---------- Source material

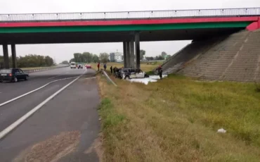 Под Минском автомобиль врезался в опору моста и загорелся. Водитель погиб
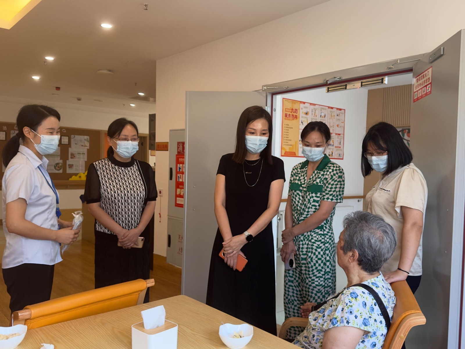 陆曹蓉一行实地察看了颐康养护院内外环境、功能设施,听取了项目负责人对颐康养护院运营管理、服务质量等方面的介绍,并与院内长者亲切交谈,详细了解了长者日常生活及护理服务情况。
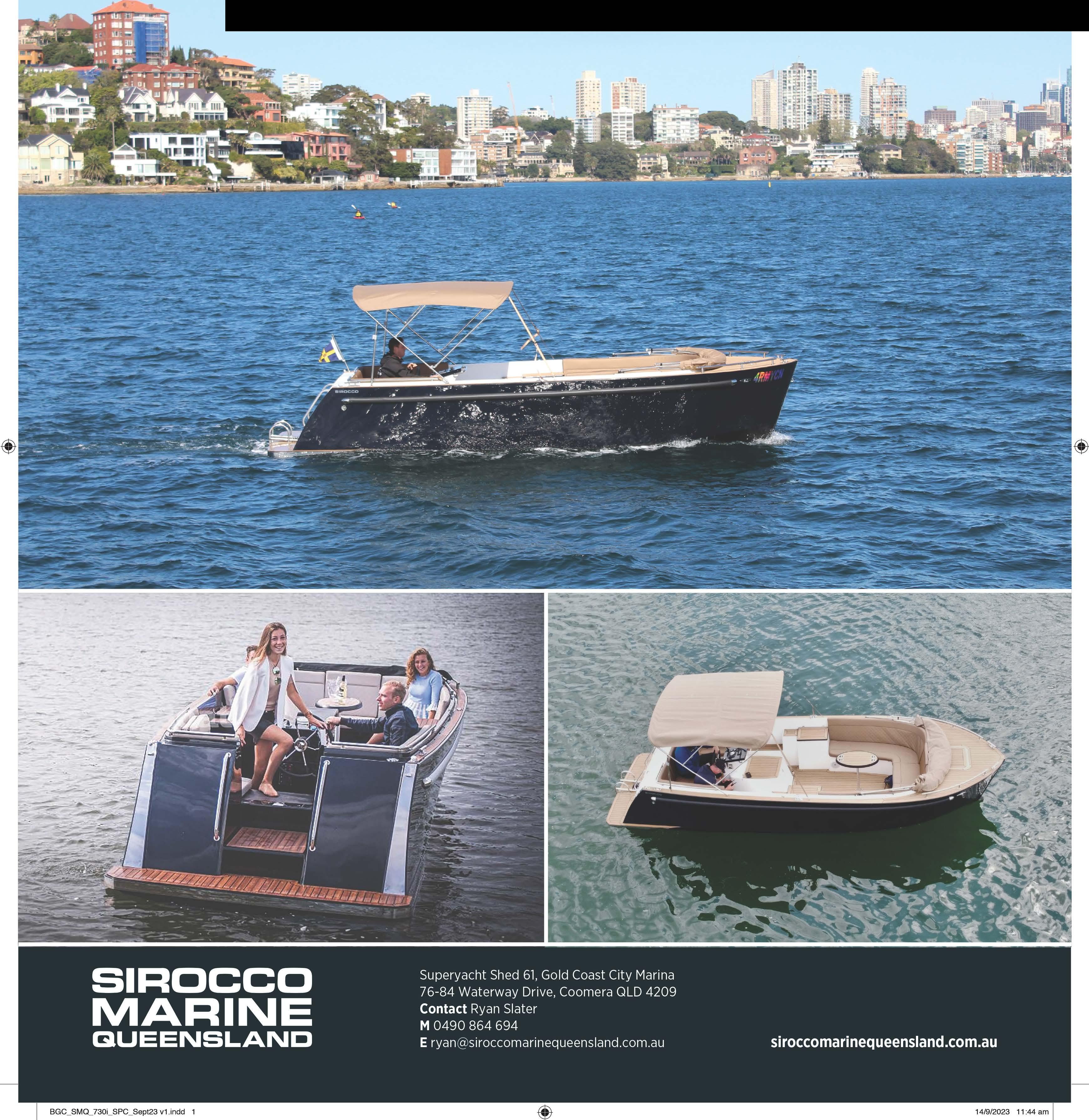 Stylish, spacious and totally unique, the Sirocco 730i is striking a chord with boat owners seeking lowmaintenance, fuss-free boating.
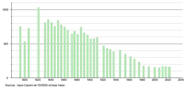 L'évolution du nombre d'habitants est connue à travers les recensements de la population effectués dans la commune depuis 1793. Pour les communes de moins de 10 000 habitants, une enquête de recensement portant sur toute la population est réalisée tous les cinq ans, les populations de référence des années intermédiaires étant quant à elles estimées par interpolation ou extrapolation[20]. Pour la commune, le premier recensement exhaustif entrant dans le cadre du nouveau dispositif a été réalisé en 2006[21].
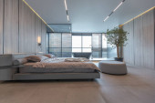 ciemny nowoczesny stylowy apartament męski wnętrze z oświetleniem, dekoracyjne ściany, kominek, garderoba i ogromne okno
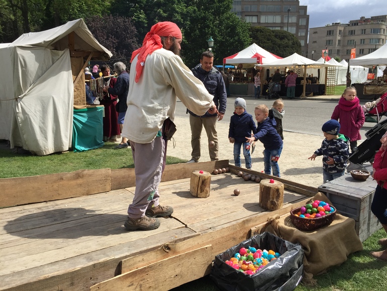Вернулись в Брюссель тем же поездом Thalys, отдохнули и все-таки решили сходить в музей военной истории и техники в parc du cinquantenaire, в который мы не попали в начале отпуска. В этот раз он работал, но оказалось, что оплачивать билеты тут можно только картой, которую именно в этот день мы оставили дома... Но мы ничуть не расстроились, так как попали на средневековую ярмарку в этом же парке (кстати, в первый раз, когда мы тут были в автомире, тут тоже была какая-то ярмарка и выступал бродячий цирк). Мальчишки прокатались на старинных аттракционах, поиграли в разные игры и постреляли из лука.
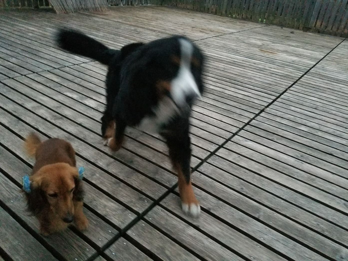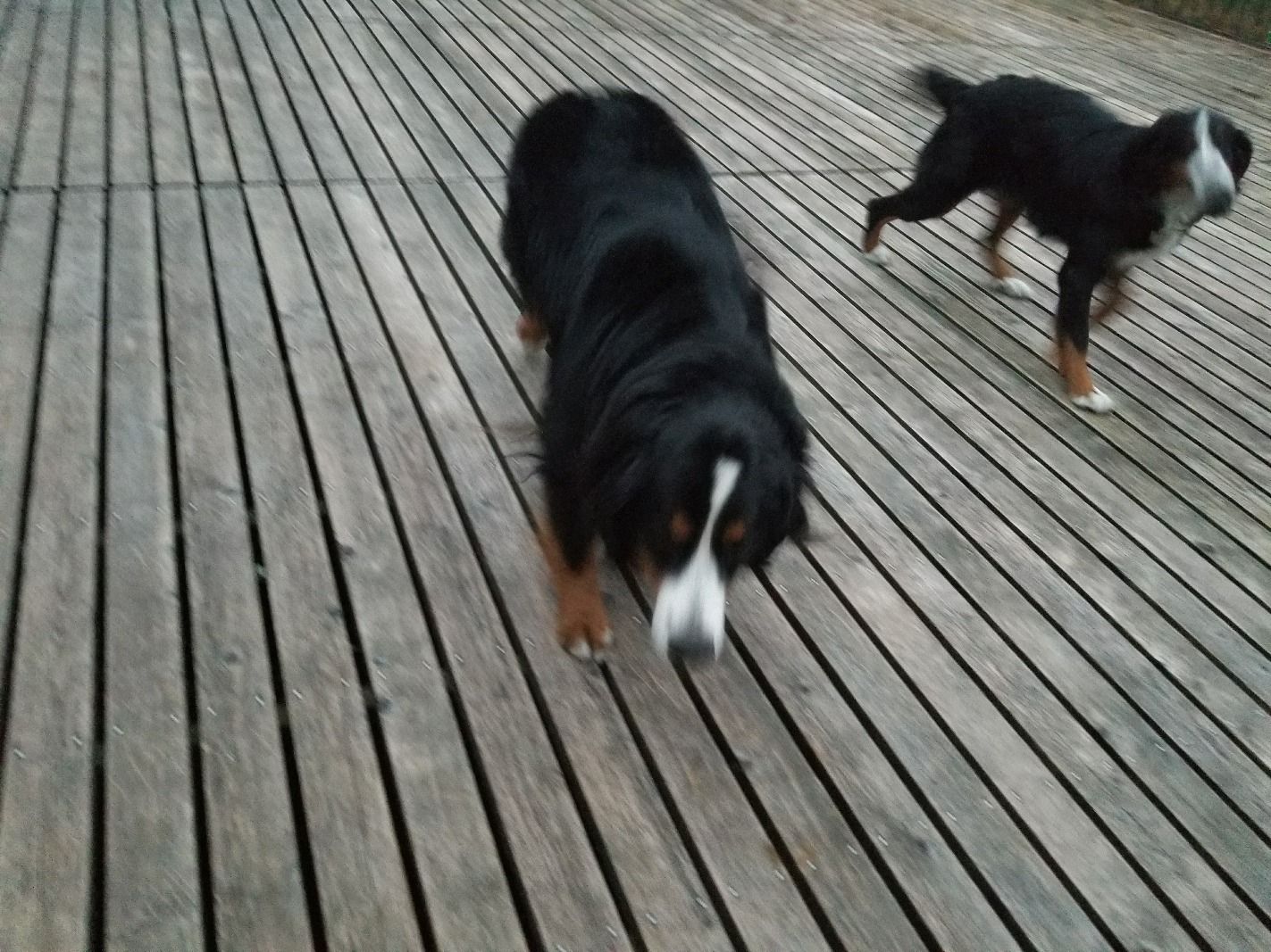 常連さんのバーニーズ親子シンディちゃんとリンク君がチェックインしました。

--------------------

_The task_:
Give back the records word for word, without their pictures.

_Result of the task_:
 Под Минском автомобиль врезался в опору моста и загорелся. Водитель погиб
 陆曹蓉一行实地察看了颐康养护院内外环境、功能设施,听取了项目负责人对颐康养护院运营管理、服务质量等方面的介绍,并与院内长者亲切交谈,详细了解了长者日常生活及护理服务情况。
 Stylish, spacious and totally unique, the Sirocco 730i is striking a chord with boat owners seeking lowmaintenance, fuss-free boating.
 L'évolution du nombre d'habitants est connue à travers les recensements de la population effectués dans la commune depuis 1793. Pour les communes de moins de 10 000 habitants, une enquête de recensement portant sur toute la population est réalisée tous les cinq ans, les populations de référence des années intermédiaires étant quant à elles estimées par interpolation ou extrapolation[20]. Pour la commune, le premier recensement exhaustif entrant dans le cadre du nouveau dispositif a été réalisé en 2006[21].
 ciemny nowoczesny stylowy apartament męski wnętrze z oświetleniem, dekoracyjne ściany, kominek, garderoba i ogromne okno
Вернулись в Брюссель тем же поездом Thalys, отдохнули и все-таки решили сходить в музей военной истории и техники в parc du cinquantenaire, в который мы не попали в начале отпуска. В этот раз он работал, но оказалось, что оплачивать билеты тут можно только картой, которую именно в этот день мы оставили дома... Но мы ничуть не расстроились, так как попали на средневековую ярмарку в этом же парке (кстати, в первый раз, когда мы тут были в автомире, тут тоже была какая-то ярмарка и выступал бродячий цирк). Мальчишки прокатались на старинных аттракционах, поиграли в разные игры и постреляли из лука.
 常連さんのバーニーズ親子シンディちゃんとリンク君がチェックインしました。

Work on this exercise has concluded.